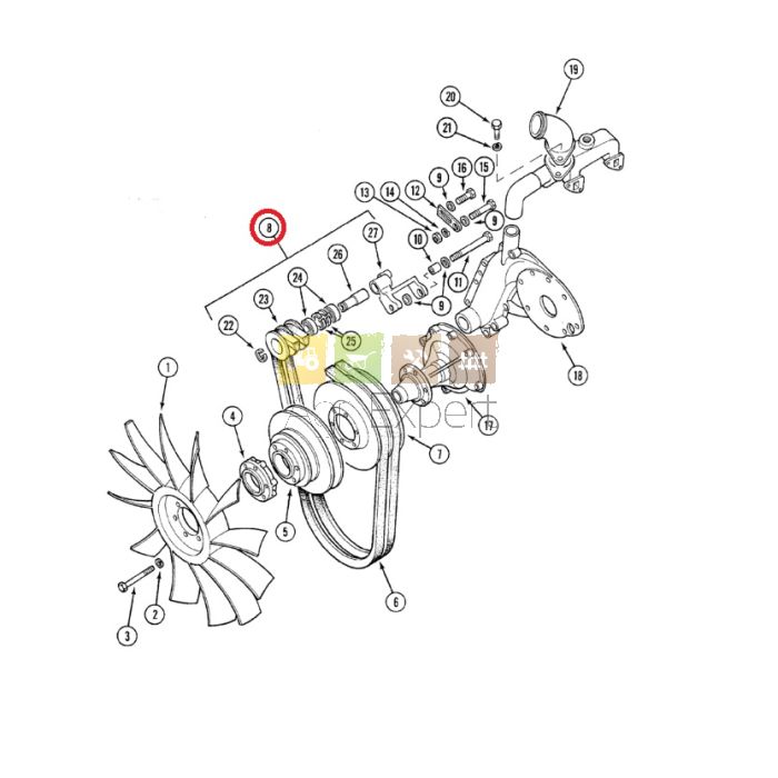Poulie tendeur de courroie tracteur Case IH 743, 956 XL, 1056 XL, 1255 XL, 1455 XL (avec compresseur de climatisation seulement )
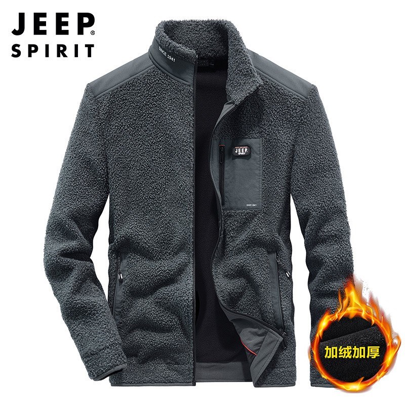 JEEP SPIRIT秋季新款纯色舒适保暖立领加绒抓绒衣外套SSX0918
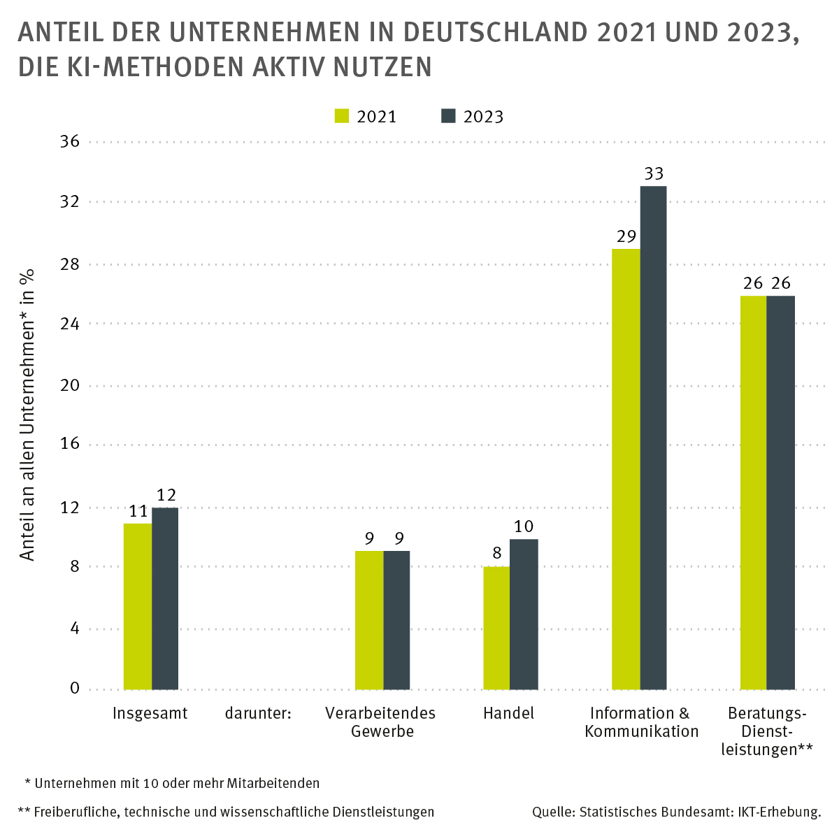 Im Jahr 2023 nutzten zwölf Prozent der gewerblichen Unternehmen in Deutschland KI für ihre Geschäftstätigkeit. 2021 waren es mit elf Prozent nur ein Prozentpunkt weniger. Der Zuwachs geht auf die Informations- und Kommunikationsbranche sowie den Handel zurück.
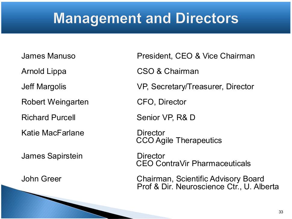 Special Note Regarding Forward-Looking Statements: Certain statements included or incorporated by reference in this news release, including information as to the future financial or operating performance of the Company and its drug development programs, constitute forward-looking statements. The words “believe,” “expect,” “anticipate,” “contemplate,” “target,” “plan,” “intend,” “continue,” “budget,” “estimate,” “may,” “schedule” and similar expressions identify forward-looking statements. Forward-looking statements include, among other things, statements regarding future plans, targets, estimates and assumptions. Forward-looking statements are necessarily based upon a number of estimates and assumptions that, while considered reasonable by the Company, are inherently subject to significant business, economic and competitive uncertainties and contingencies. Many factors could cause the Company’s actual results to differ materially from those expressed or implied in any forward-looking statements made by, or on behalf of, the Company. Due to these various risks and uncertainties, actual events may differ materially from current expectations. Investors are cautioned that forward-looking statements are not guarantees of future performance and, accordingly, investors are cautioned not to put undue reliance on forward-looking statements due to the inherent uncertainty therein. Forward-looking statements are made as of the date of this news release and the Company disclaims any intent or obligation to update publicly such forward-looking statements, whether as a result of new information, future events or results or otherwise.
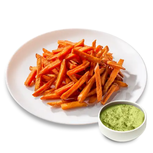 Батат, обжаренный во фритюре до золотистой корочки, приправленный ароматными специями. Подается с соусом гуакамоле
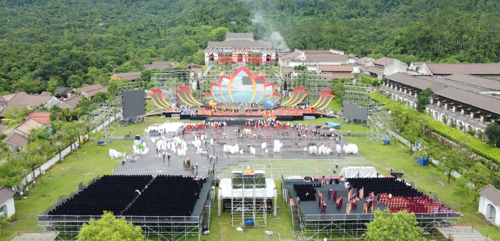 Sân khấu chính của chương trình dài 70m, cao gần 30m, được thiết kế hài hòa với không gian tâm linh Yên Tử, với vị trí trung tâm là biểu tượng hoa sen Phật giáo Trúc Lâm, kết hợp hệ thống âm thanh, ánh sáng, màn hình LED cỡ lớn hiện đại.
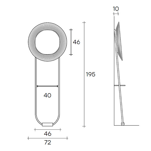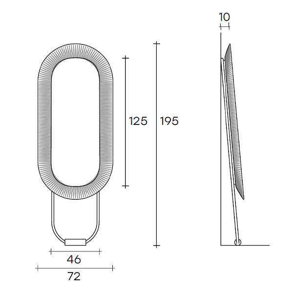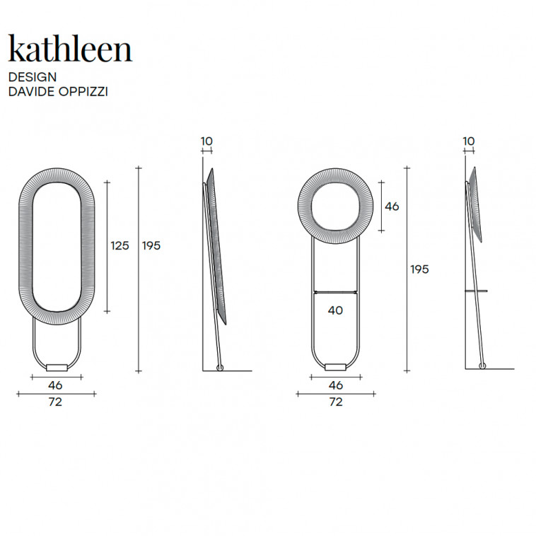 El espejo plano tiene 5 mm de espesor y está enmarcado en vidrio fundido de 6 mm, con un acabado retro-barnizado. En la versión de pie su estructura está realizada en metál en acabado Champagne Metalizado o Gris Volcán, y con un pie de madera en la parte inferior.
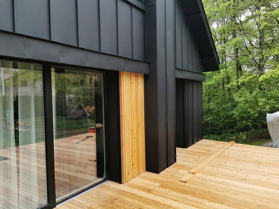 Etapes techniques pour le bardage en aluminium noir et bois à proximité de Nancy
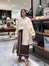出勤コーデ☺︎ やりたかったスカーフアレンジ♡ ビッグシャツとの組み合わせも可愛い♡ 片側の裾だけインしてバランスをとって。 ぜひお試しください☺︎
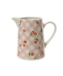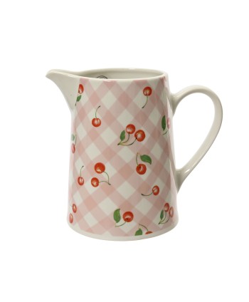 Descripció: Gerra de ceràmica CHERRY amb nansa, en to blanc i decoració de rombes roses i cireres vermelles. Ideal per a les decoracions més originals.
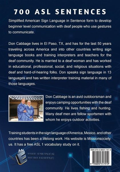 Simplified American Sign Language in Sentence form to develop beginner level communication with deaf people who use gestures to communicate. Don Cabbage lives in El Paso, TX, and has for the last 50 years traveling across America and into other countries writing sign language books and training interpreters and teachers for the deaf community. He is married to a deaf woman and has worked in educational, professional, social, and religious situations with deaf and hard-of-hearing folks. Don speaks sign language in 13 languages and has written interpreter training material in many of those languages.

Exercise directions:
Everything from the line above that contains "El espejo plano" down to the line that contains "Descripció: Gerra de" must be reproduced exactly, both ends included. Omit the pictures.

Result below:
 El espejo plano tiene 5 mm de espesor y está enmarcado en vidrio fundido de 6 mm, con un acabado retro-barnizado. En la versión de pie su estructura está realizada en metál en acabado Champagne Metalizado o Gris Volcán, y con un pie de madera en la parte inferior.
 Etapes techniques pour le bardage en aluminium noir et bois à proximité de Nancy
出勤コーデ☺︎ やりたかったスカーフアレンジ♡ ビッグシャツとの組み合わせも可愛い♡ 片側の裾だけインしてバランスをとって。 ぜひお試しください☺︎
 Descripció: Gerra de ceràmica CHERRY amb nansa, en to blanc i decoració de rombes roses i cireres vermelles. Ideal per a les decoracions més originals.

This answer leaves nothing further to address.